Return all the data below as it stands, minus the pictures.

#### [Data segment]
------------

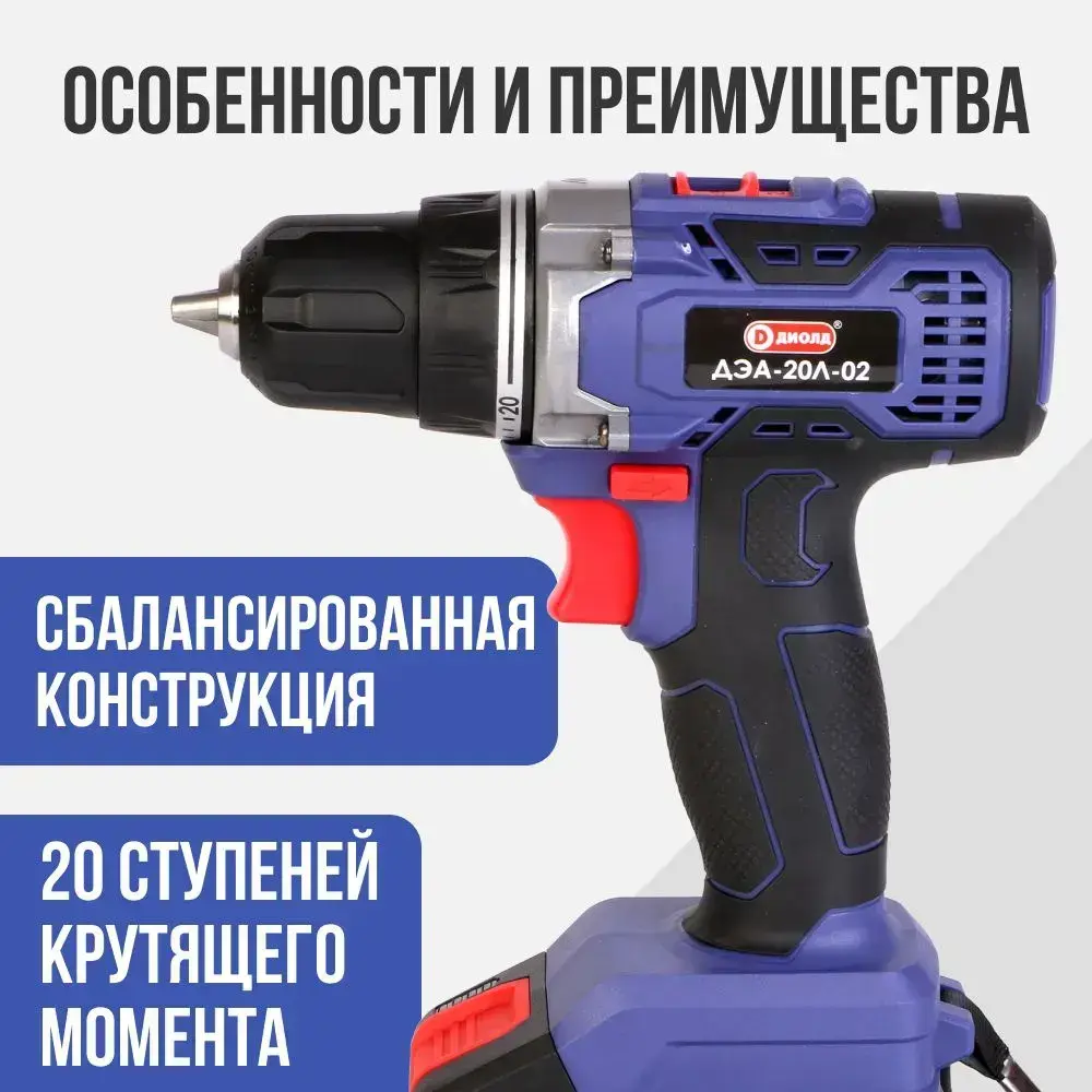 Шуруповерт аккумуляторный ДЭА-20Л-02 20В, кейс, 1 АКБ
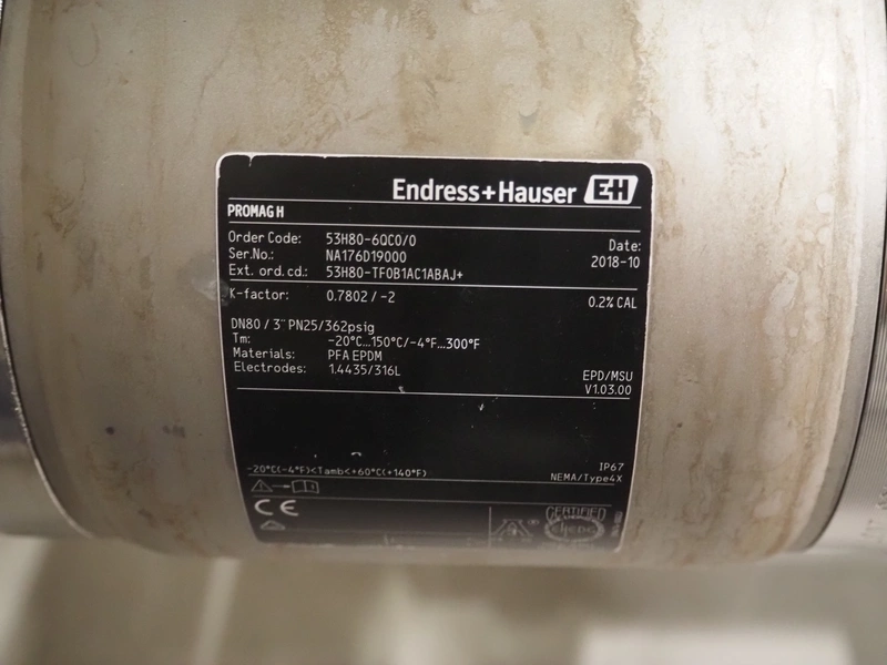 Endress+Hauser flowmeter with transmitter, type: PROMAG H, serial number: NA176D19000, DN80, dimensions: 250 mm x 150 mm x 180 mm, 150 mm x 215 mm x 250 mm.
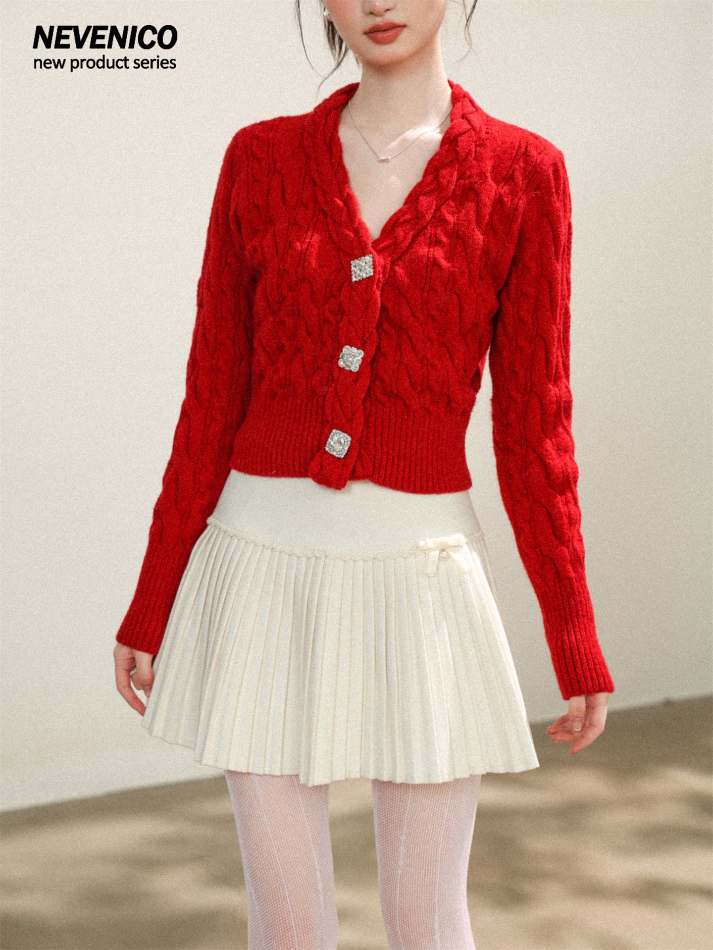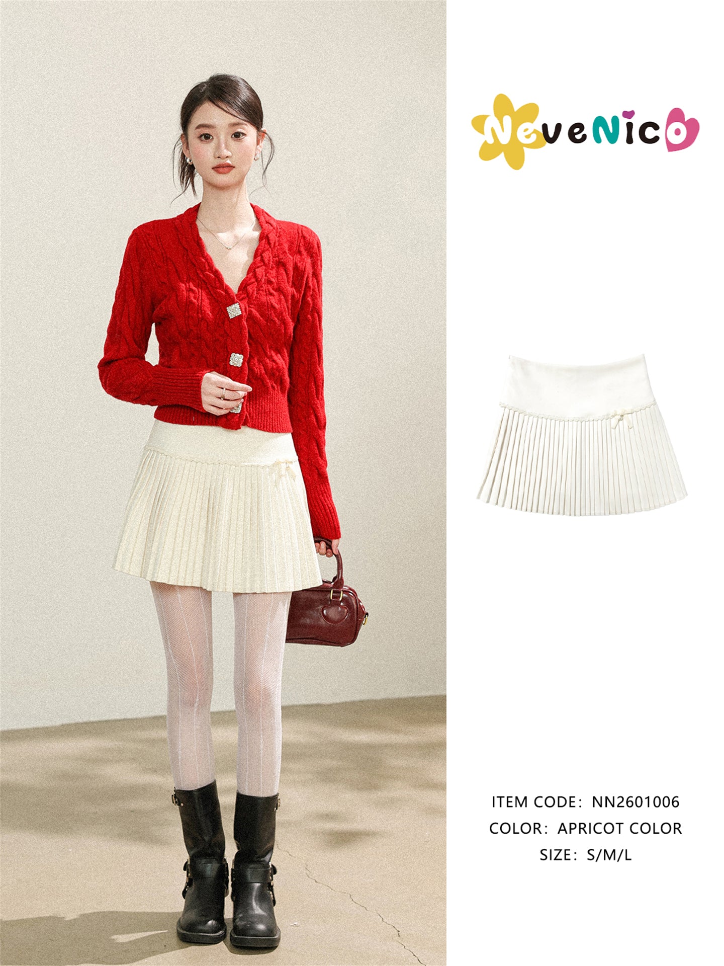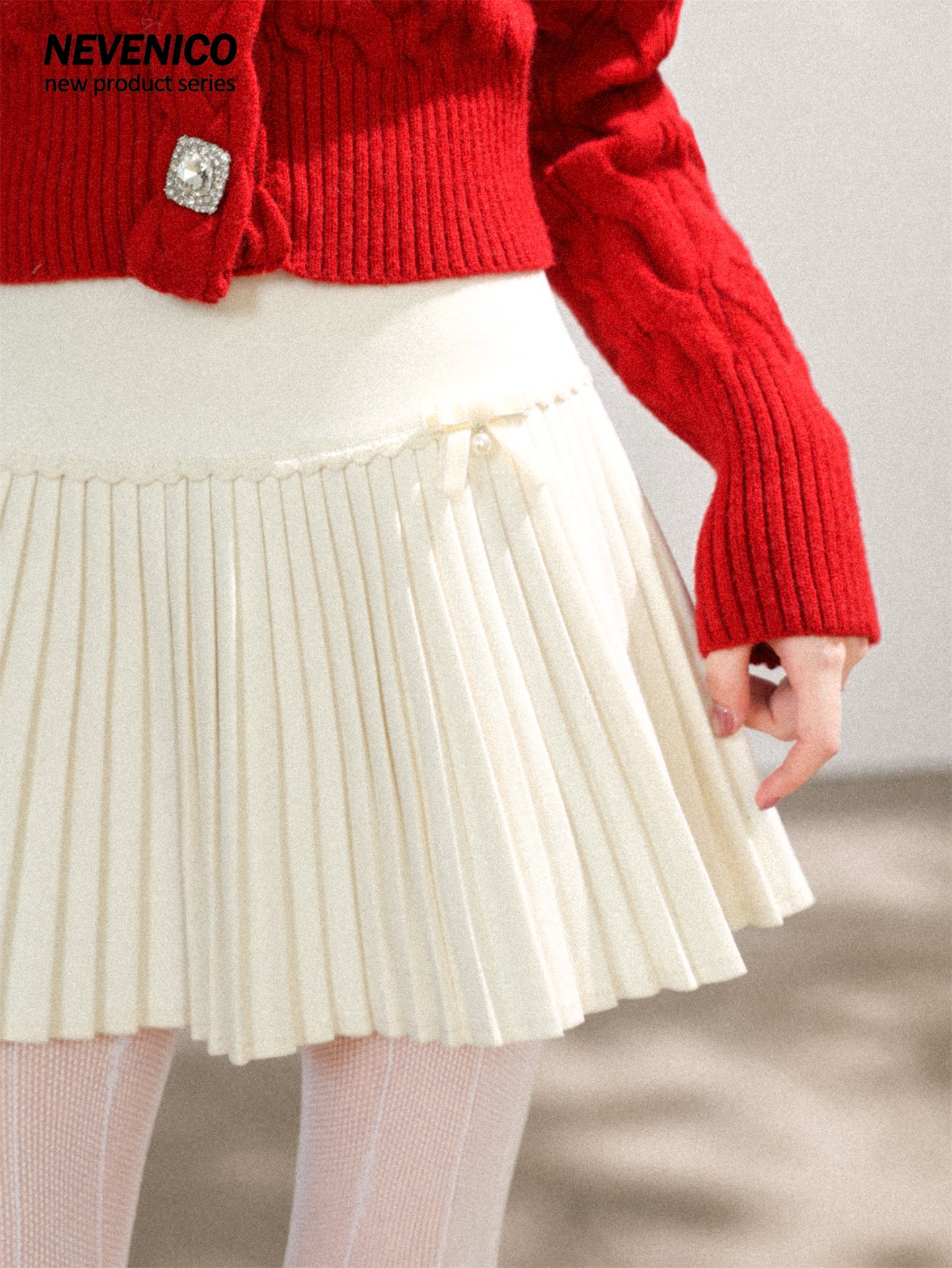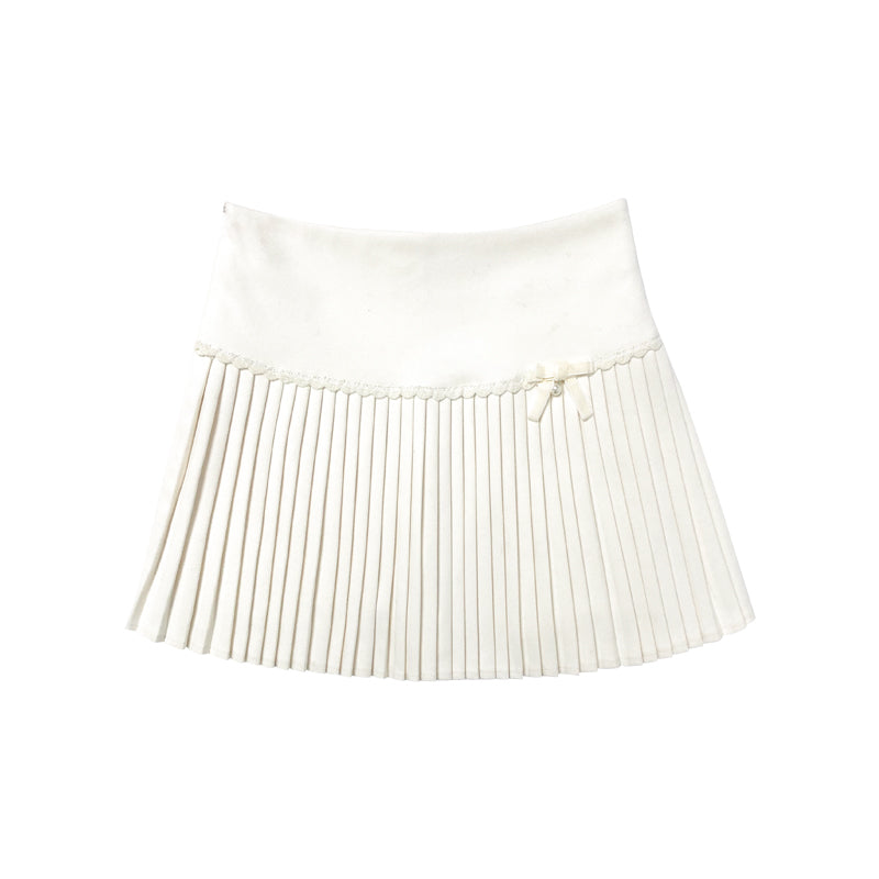 NEVENICO Lace Panel Pleated Skirt
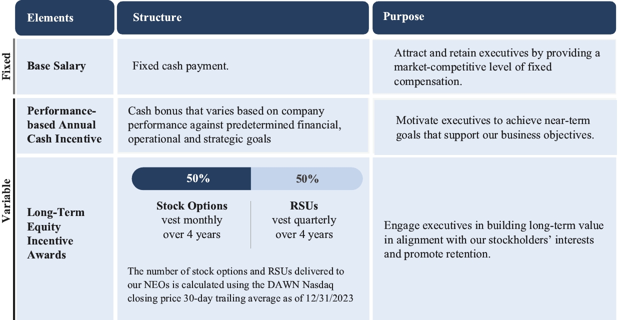 You may vote via the virtual meeting website-any stockholder can attend the Annual Meeting by visiting www.virtualshareholdermeeting.com/DAWN2025, where stockholders may vote and submit questions during the meeting. The meeting starts at 10:00 a.m. Pacific Time. Please have your 16-Digit Control Number to join the Annual Meeting. Instructions on how to attend and participate via the Internet, including how to demonstrate proof of stock ownership, are posted at www.virtualshareholdermeeting.com/DAWN2025. | You may vote by telephone or through the Internet-in order to do so, please follow the instructions shown on your proxy card. | You may vote by mail-if you request or receive a paper proxy card and voting instructions by mail, simply complete, sign and date the enclosed proxy card and promptly return it in the envelope provided or, if the envelope is missing, please mail your completed proxy card to Vote Processing, c/o Broadridge, 51 Mercedes Way, Edgewood, New York 11717. Your completed, signed, and dated proxy card must be received prior to the Annual Meeting. | ||||

------------

#### [Completed task]
 Шуруповерт аккумуляторный ДЭА-20Л-02 20В, кейс, 1 АКБ
 Endress+Hauser flowmeter with transmitter, type: PROMAG H, serial number: NA176D19000, DN80, dimensions: 250 mm x 150 mm x 180 mm, 150 mm x 215 mm x 250 mm.
 NEVENICO Lace Panel Pleated Skirt
 You may vote via the virtual meeting website-any stockholder can attend the Annual Meeting by visiting www.virtualshareholdermeeting.com/DAWN2025, where stockholders may vote and submit questions during the meeting. The meeting starts at 10:00 a.m. Pacific Time. Please have your 16-Digit Control Number to join the Annual Meeting. Instructions on how to attend and participate via the Internet, including how to demonstrate proof of stock ownership, are posted at www.virtualshareholdermeeting.com/DAWN2025. | You may vote by telephone or through the Internet-in order to do so, please follow the instructions shown on your proxy card. | You may vote by mail-if you request or receive a paper proxy card and voting instructions by mail, simply complete, sign and date the enclosed proxy card and promptly return it in the envelope provided or, if the envelope is missing, please mail your completed proxy card to Vote Processing, c/o Broadridge, 51 Mercedes Way, Edgewood, New York 11717. Your completed, signed, and dated proxy card must be received prior to the Annual Meeting. | ||||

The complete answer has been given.